More than a hundred prisoners, mostly women and children, were freed during the November ceasefire in exchange for 240 Palestinian prisoners in Israel.
The Israeli army said Tuesday it was fighting rebels in areas of the Strip, including the southern city of Khan Younis, where it said Monday it had killed dozens of fighters.
An Israeli airstrike hit an apartment building in the city, killing two parents and four of their five children, according to the children’s grandfather.
Mahmoud al-Khatib said his son Tariq, 41, was sleeping with his family when an Israeli warplane attacked their home in the middle of the night. The Israeli military does not usually comment on specific attacks, but blames Hamas for civilian deaths, claiming its fighters infiltrate civilian areas.
Humanitarian crisis
United Nations humanitarian observers said Tuesday that Israeli evacuation orders for the Strip now cover two-thirds of the territory, or 246 square kilometers (95 square miles). 1.78 million Palestinians – 77% of Gaza’s population – lived in the affected area before the war between Israel and Hamas began on October 7, following a deadly cross-border attack by rebels.
Displaced people have between 1.5 and 2 liters of water a day for drinking, cooking and washing, the United Nations Office for the Coordination of Humanitarian Affairs said in its latest daily report on Tuesday. Furthermore, a significant increase in chronic diarrhea among minors has been reported.
Parents with children face a particularly difficult challenge due to the high costs or lack of diapers, formula and milk.

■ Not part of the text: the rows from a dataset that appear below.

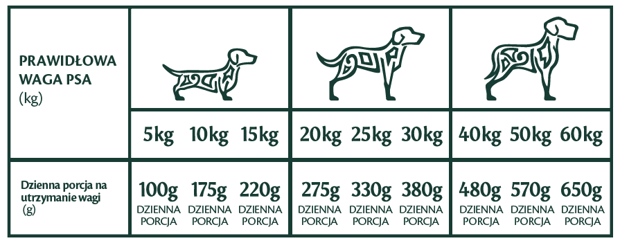 Każdy kawałek karmy Tribal Fresh Pressed waży więcej niż zwykły ekstrudowany krokiet. Dlatego zalecamy odważanie odpowiedniej porcji dla psa za pomocą wagi, aby zapobiec jego przekarmianiu lub wybrać jedną z naszych miarek od lokalnego sprzedawcy lub w sklepie online.
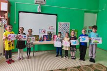 Мәктәпкәчә яшьтәге балалар төркеме дә "Балалар Җиңү рәсеме ясыйлар" акциясенә кушылды.
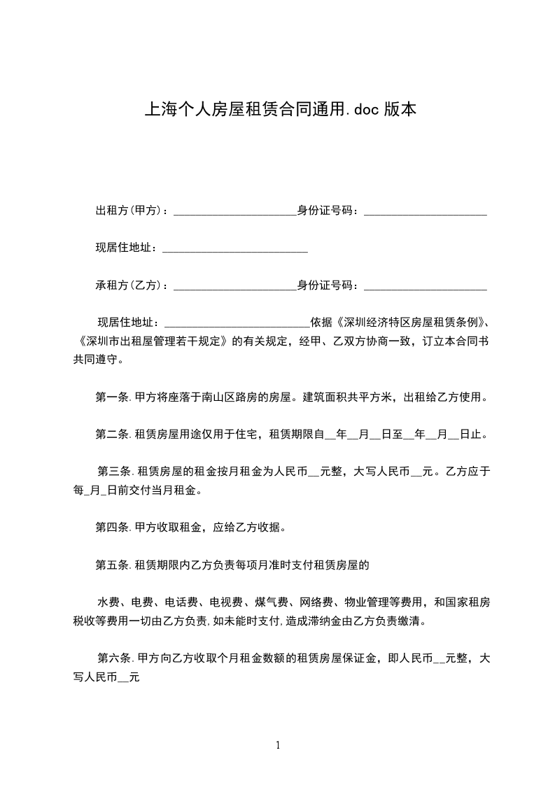 一、甲方将座落在深圳市房产建筑面积计____平方尺,租给乙方作使用,租期为____年,从_____年____月____日起至____年____月____日止。
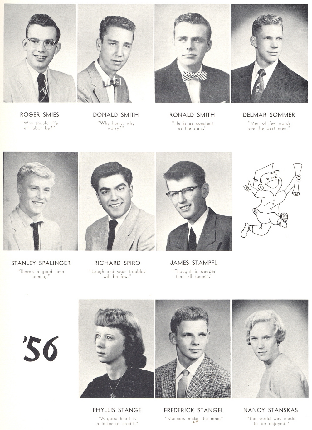 1956 Sheboygan Central High School, Page 53: Roger Smies, Donald Smith Ronald Smith Delmar Sommer, Stanley Spalinger, Richard Spiro, James Stampfl, Phyllis Stange, Frederick Stangel, Nancy Stanskas.

Zainab Al-Zein, who is sheltering in the central town of Deir al-Balah, said she had to feed her 2.5-month-old daughter solid foods such as crackers and ground rice, much earlier than the normal six months, because she might not there was no milk or formula.
Source: AP
Source: Clarin
Mary Ortiz is a seasoned journalist with a passion for world events. As a writer for News Rebeat, she brings a fresh perspective to the latest global happenings and provides in-depth coverage that offers a deeper understanding of the world around us.